此示例描述了将CSV文件作为图形导入OrientDB的过程。为简单起见,仅考虑以下两个实体:
使用RDBMS Post和Comment将存储在2个单独的表中:
TABLE POST:
+----+----------------+
| id | title |
+----+----------------+
| 10 | NoSQL movement |
| 20 | New OrientDB |
+----+----------------+
TABLE COMMENT:
+----+--------+--------------+
| id | postId | text |
+----+--------+--------------+
| 0 | 10 | First |
| 1 | 10 | Second |
| 21 | 10 | Another |
| 41 | 20 | First again |
| 82 | 20 | Second Again |
+----+--------+--------------+
使用RDBMS,一对多的引用从目标表(Comment)反转到源表(Post)。这是由于RDBMS无法处理值集合。
相比之下,使用OrientDB Graph模型,在设计应用程序时,可以按照您的想法建模关系:POSTs与COMMENTs有边缘。
所以,使用RDBMS,你有:
Table POST <- (foreign key) Table COMMENT
使用OrientDB,Graph模型使用Edges来管理关系:
Class POST ->* (collection of edges) Class COMMENT
(1)导出为CSV
如果您使用的是RDBMS或任何其他来源,请以CSV格式导出数据。ETL模块还可以直接通过JDBC驱动程序从JSON和RDBMS中提取。但是,为了简单起见,在本例中我们将使用CSV作为源格式。
考虑使用2个CSV文件:
a.文件posts.csv
posts.csv文件,包含所有帖子
id,title
10,NoSQL movement
20,New OrientDB
b. 文件comments.csv
comments.csv文件,包含所有注释,以及与评论帖子的关系
id,postId,text
0,10,First
1,10,Second
21,10,Another
41,20,First again
82,20,Second Again
(2)ETL配置
OrientDB ETL工具只需要一个JSON文件来定义ETL过程作为Extractor,一个要在管道中执行的变换器列表,以及一个Loader,用于将图形元素加载到OrientDB数据库中。
以下是包含要分别导入帖子和评论的ETL的2个文件。
post.json ETL文件
{
"source": { "file": { "path": "D:/software/orientdb/data/posts.csv" } },
"extractor": { "csv": {} },
"transformers": [
{ "vertex": { "class": "Post" } }
],
"loader": {
"orientdb": {
"dbURL": "remote:localhost/demodb",
"serverUser": "root",
"serverPassword": "root",
"dbType": "graph",
"classes": [
{"name": "Post", "extends": "V"},
{"name": "Comment", "extends": "V"},
{"name": "HasComments", "extends": "E"}
], "indexes": [
{"class":"Post", "fields":["id:integer"], "type":"UNIQUE" }
]
}
}
}
Loader包含连接到OrientDB数据库的所有信息。我们使用了一个地理数据库,因为它更快。但是,如果您已启动并运行OrientDB服务器,请改用“remote:”。请注意Loader中声明的类和索引。一旦配置了Loader,就会创建类和索引(如果它们尚不存在)。
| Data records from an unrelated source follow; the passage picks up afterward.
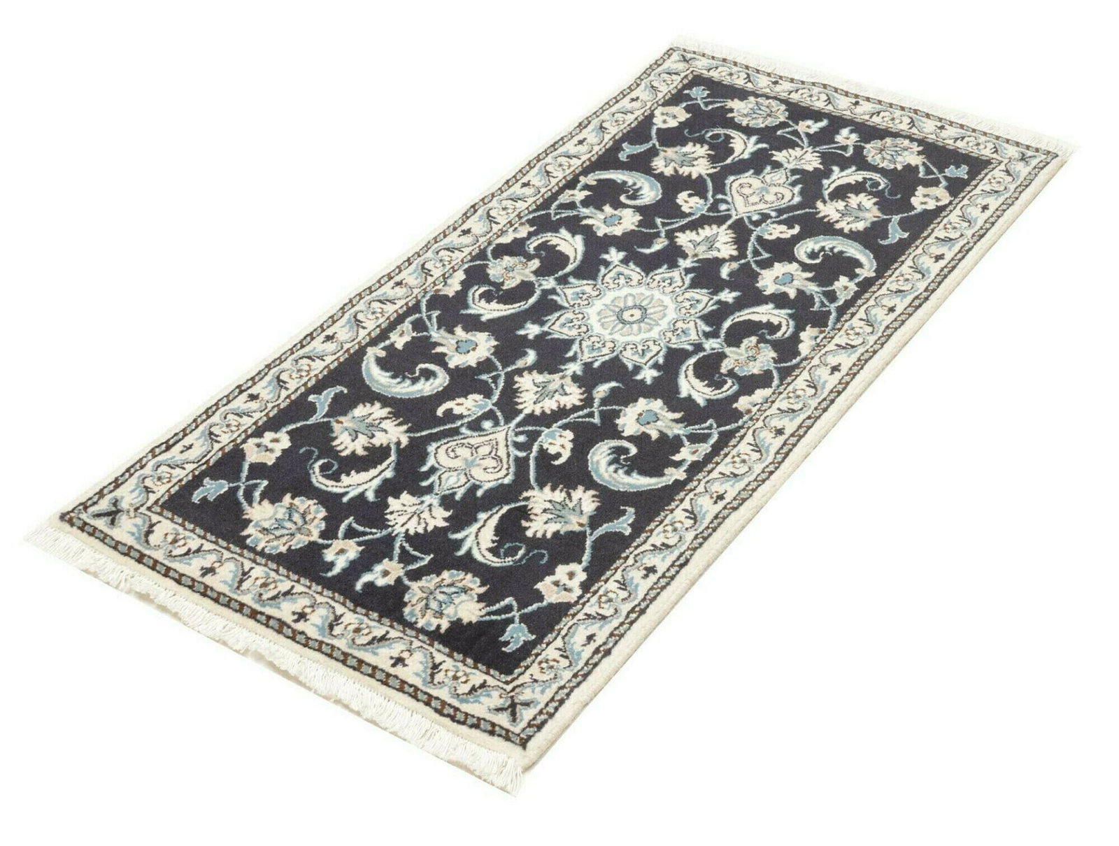 Exklusiver Nain Teppich 68 x 138cm in königsblau, handgeknüpft
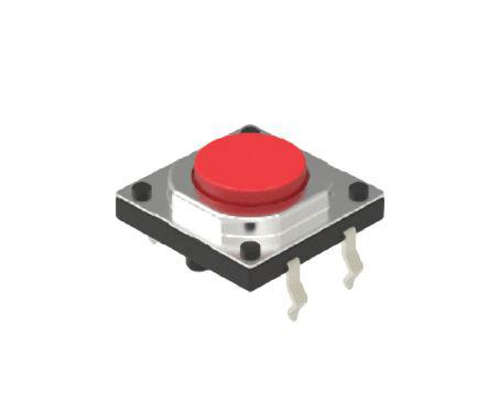 This is Red Cap Tact Switch SPST-NO 50 mA Snap-In manufactured by Alps. The manufacturer part number is SKQEADA010. It has a 2.55 n of operating force. The actuator has an adorable red colour. The given dimensions of the product include 12 x 12mm. The product is available in snap-in configuration. Moreover, the product has a nominal 12v dc voltage rating. The rated contact current is 50 ma. Whereas, the minimum operating temperature of the product is -40°c. The product has -40 → +90°c of operating temperature range. The contact is equipped with spst-no configuration. Furthermore, the product is 12mm wide. Its accurate length is 12mm. The product carries cap actuator. It has a maximum operating temperature of +90°c. The terminal is a pc pin type. It provides momentary switch operation.
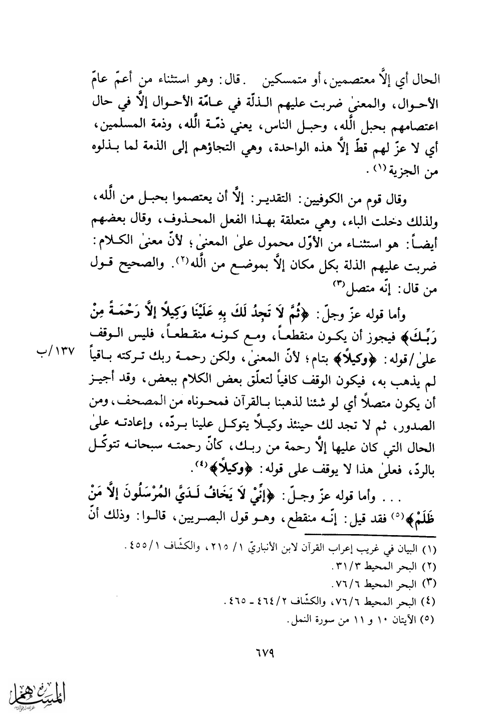 قال: وهو استثناء من أعمّ عامّ الأحوال، والمعنى ضربت عليهم الذلة في عامة الأحوال إلا في حال اعتصامهم بحبل الله، وحبل الناس، يعني ذمة الله، وذمة المسلمين، أي لا عز لهم قط إلا هذه الواحدة، وهي التجاؤهم إلى الذمة لما بذلوه من الجزية.
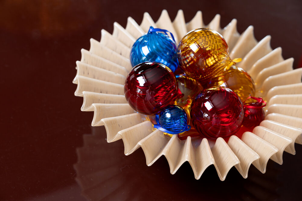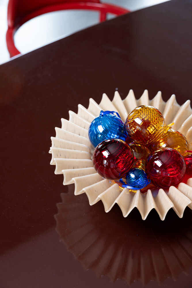 De vakre, luksuriøse og utvilsomt dristige Opacity-julekulene vil fremheve ethvert juletre og er ideelle for feiringer året rundt. De er laget av fint glass med et subtilt stripete mønster som minner oss om den elskede Opacity-serien, og utstråler eleganse i hver eneste detalj. Disse kulene finnes i to størrelser og tre sofistikerte farger, og kan kombineres kunstferdig eller velges enkeltvis for å matche julepynten din. Det lille settet inneholder fire kuler, mens det store settet inneholder to, alle pakket i en elegant gaveeske. Med matchende satengbånd er disse kulene et ekte designstatement. Designet av Byon Studio. Leveres i en Byon-eske som sikrer at alle detaljer er like raffinerte som kulene selv.
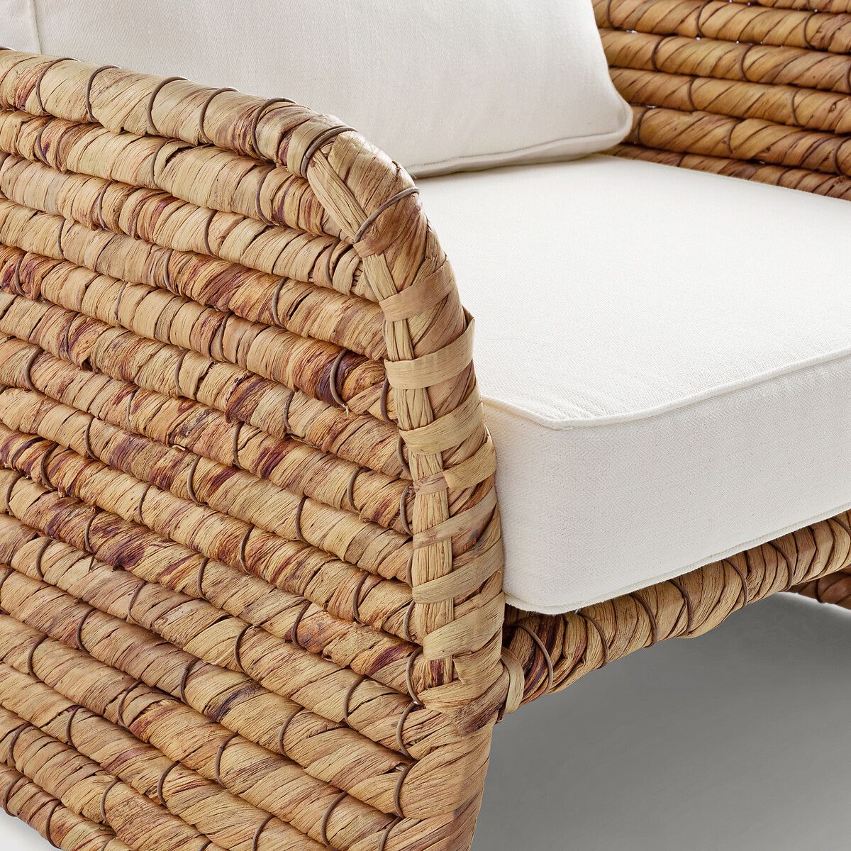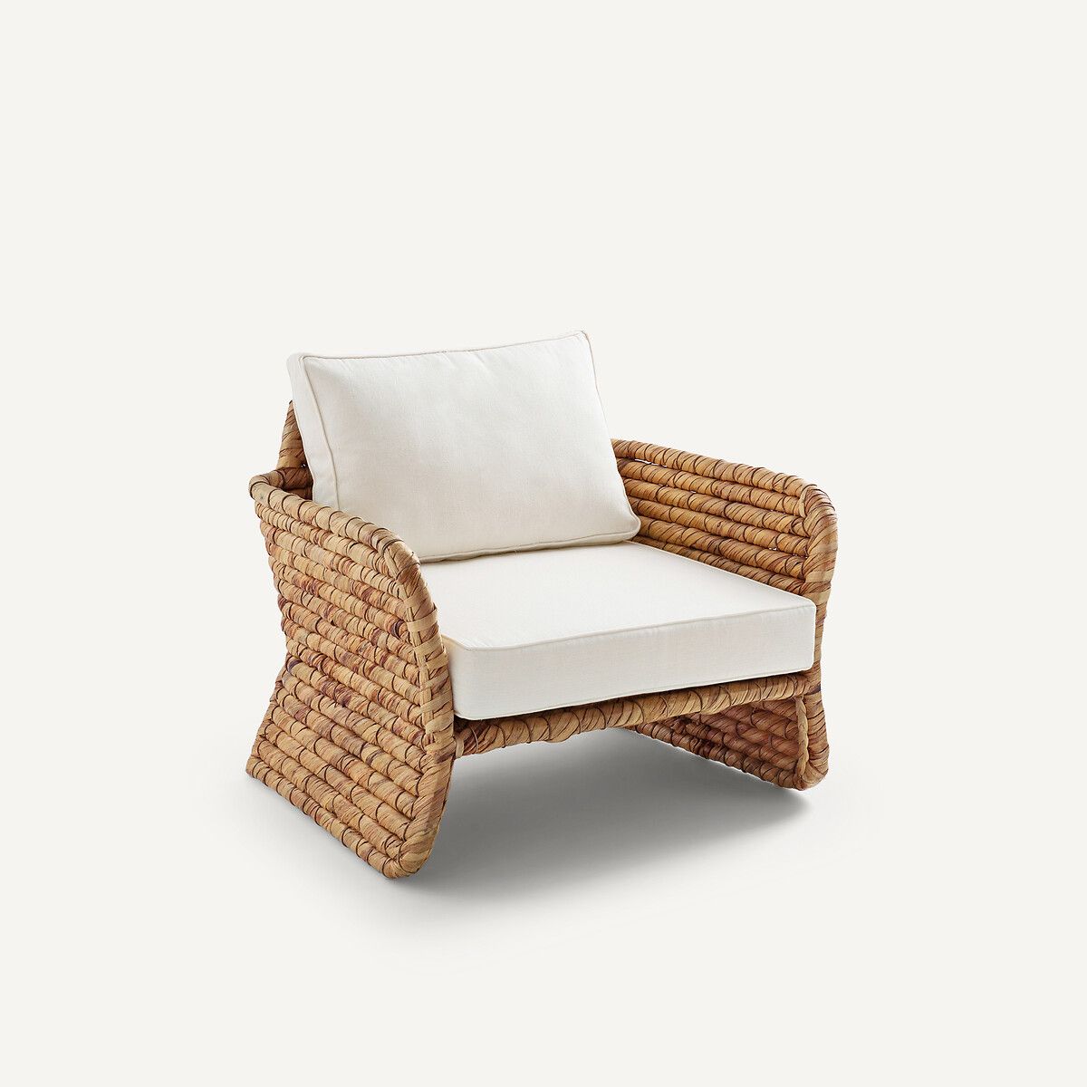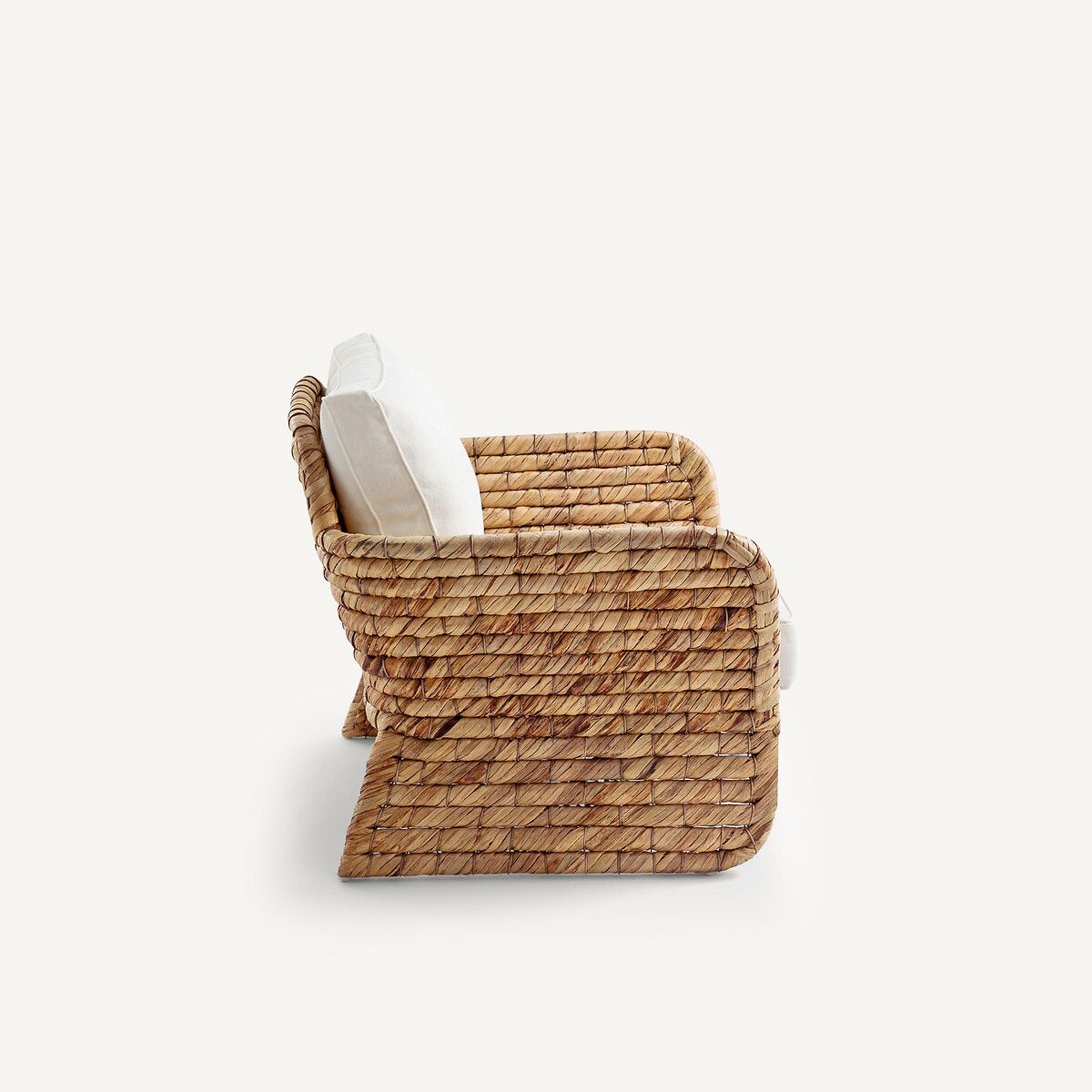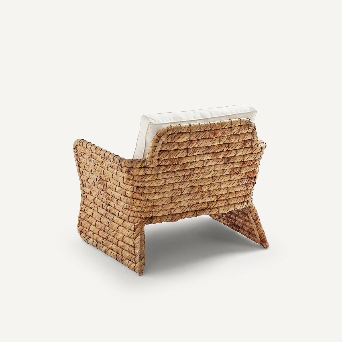 Пышные подушки сочетаются с каркасом, обшитым полностью плетеным водным гиацинтом. Комфортное кресло Galbo наполнено духом природы.
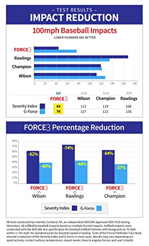 This Hockey Style version of the FORCE3 Mask will protect you a LOT better. *With the same footprint of a traditional hockey style mask, FORCE3's breakthrough, Patent-Pending technology reduces the Severity Index of most impacts by up to 50% in most cases. G-Forces were also reduced with impressive results. Tests included impacts by 70mph softballs (NOCSAE standard), and 100mph baseballs.
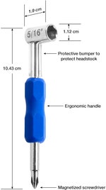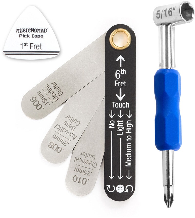 För att enkelt justera halsen på din Gibson och Amerikanskbyggda PRS-gitarr så har MusicNomad tagit fram ett set med dragstångsnyckel och måttsats. Måttsatsen kommer med de vanligaste relief-måtten för elektriska, akustiska gitarr samt även för elbasar, för just Gibson och PRS rekommenderas generellt måttet .006". Dragstångsnyckeln är konstruerad att passa PRS och Gibson eller andra instrument där dragstångshuvudet är 5/16" och där halsen justeras vid huvudet. I andra änden av dragstångsnyckeln hittar man en praktisk magnetisk stjärnskruvmejsel, perfekt när man tar bort dragstångsluckan.
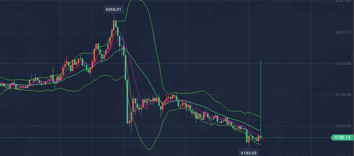 黄金昨日走势呈现先扬后抑格局,价格在快速拉升至4260附近后突然反转,急速下行至4190附近低点,单日回调约70美元,随后逐渐回稳至4200一线整理。
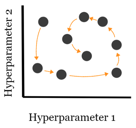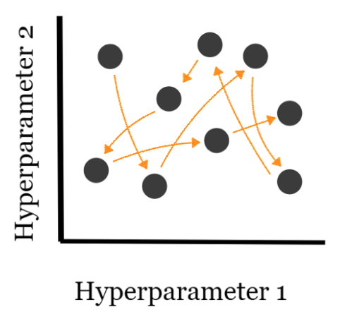 网格搜索尝试超参数的所有组合,因此增加了计算的时间复杂度,在数据量较大,或者模型较为复杂等等情况下,可能导致不可行的计算成本,这样网格搜索调参方法就不适用了。然而,随机搜索提供更便利的替代方案,该方法只测试你选择的超参数组成的元组,并且超参数值的选择是完全随机的,如下图所示。
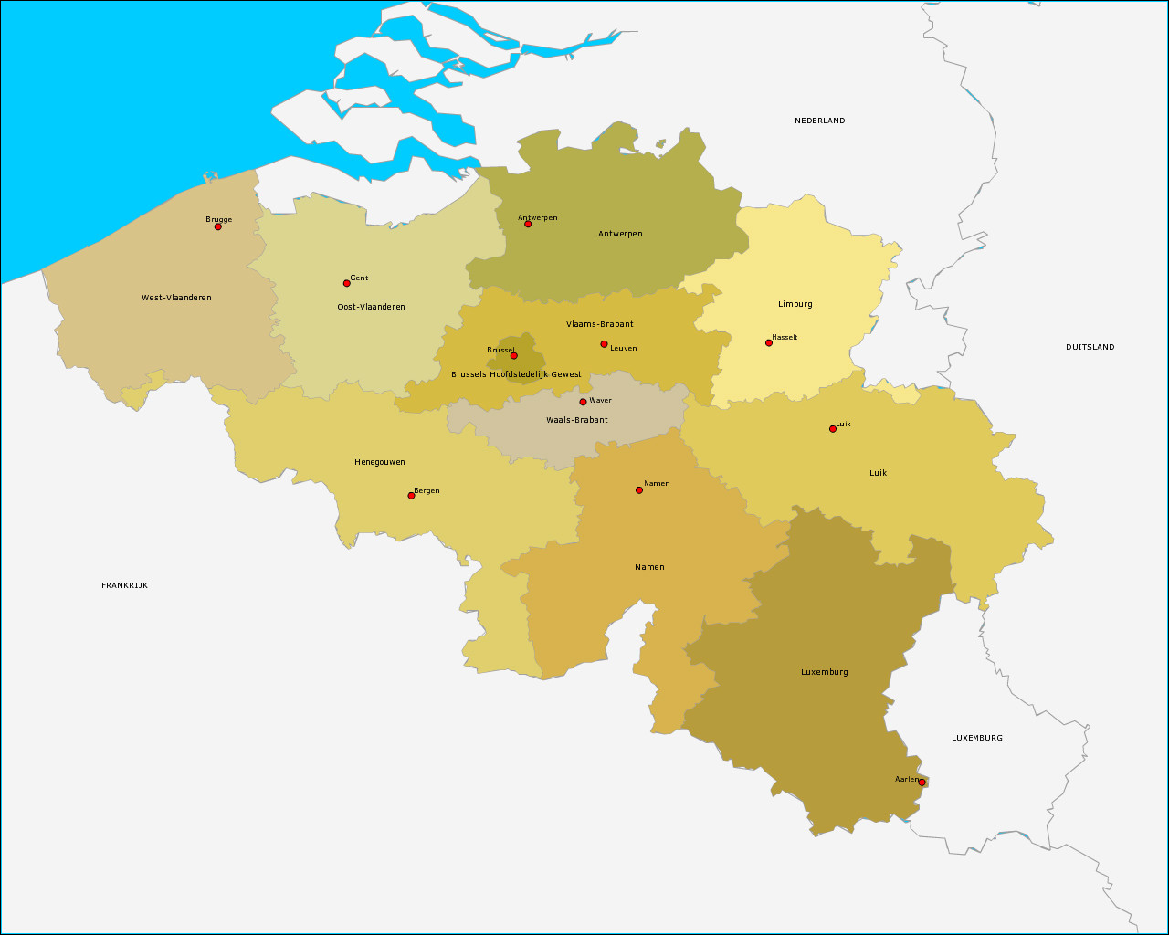 Kleine kaart Provincies en hoofdsteden van België (640x480)
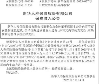 新华人寿保险股份有限公司保费收入公告
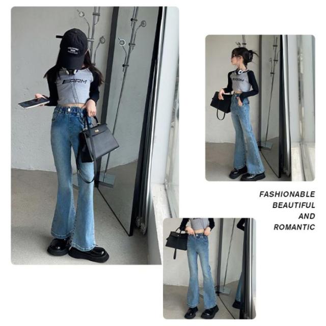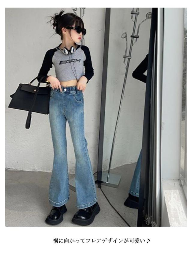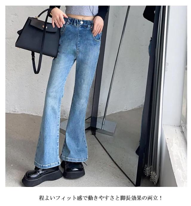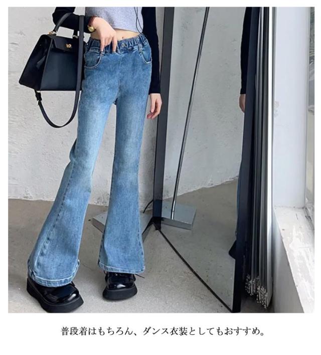 ロングパンツ 子供 冬 ジーンズ 子供服 春秋 デニムパンツ フレア ジュニア ダンス衣装 キッズ ジーパン ボトムス おしゃれ 長ズボン フレアパンツ ズボン ウエストゴム ジュニア 美脚 学生 演出 デニムパンツ 発表会 入学式 旅行 大きいサイズ ギフト

我们在Post.id字段上创建了索引,以确保没有重复项,并且创建的边上的查找(见下文)将足够快。
comments.json ETL文件
{
"source": { "file": { "path": "D:/software/orientdb/data/comments.csv" } },
"extractor": { "csv": {} },
"transformers": [
{ "vertex": { "class": "Comment" } },
{ "edge": { "class": "HasComments",
"joinFieldName": "postId",
"lookup": "Post.id",
"direction": "in"
}
}
],
"loader": {
"orientdb": {
"dbURL": "remote:localhost/demodb",
"serverUser": "root",
"serverPassword": "root",
"dbType": "graph",
"classes": [
{"name": "Post", "extends": "V"},
{"name": "Comment", "extends": "V"},
{"name": "HasComments", "extends": "E"}
], "indexes": [
{"class":"Post", "fields":["id:integer"], "type":"UNIQUE" }
]
}
}
}
此文件与前一个文件类似,但Edge转换器完成了这项工作。由于CSV中的链接方向相反(Comment-> Post),我们想直接建模(Post-> Comment),我们使用方向“in”(默认值始终为“out”)。
(3)运行ETL过程
现在允许ETL按顺序执行两个导入来运行。在OrientDB主目录下打开一个shell,然后执行以下步骤:
$ cd bin
$ ./oetl.sh post.json
$ ./oetl.sh comment.json
oetl.bat comments.json
oetl.bat post.json
一旦两个脚本成功执行,您就可以将您的Blog作为图形导入OrientDB!
(4)检查数据库
在OrientDB控制台下打开数据库并执行以下命令以检查导入是否正常:
$ ./console.sh
OrientDB console v.2.0-SNAPSHOT (build 2565) www.orientechnologies.com
Type ‘help’ to display all the supported commands.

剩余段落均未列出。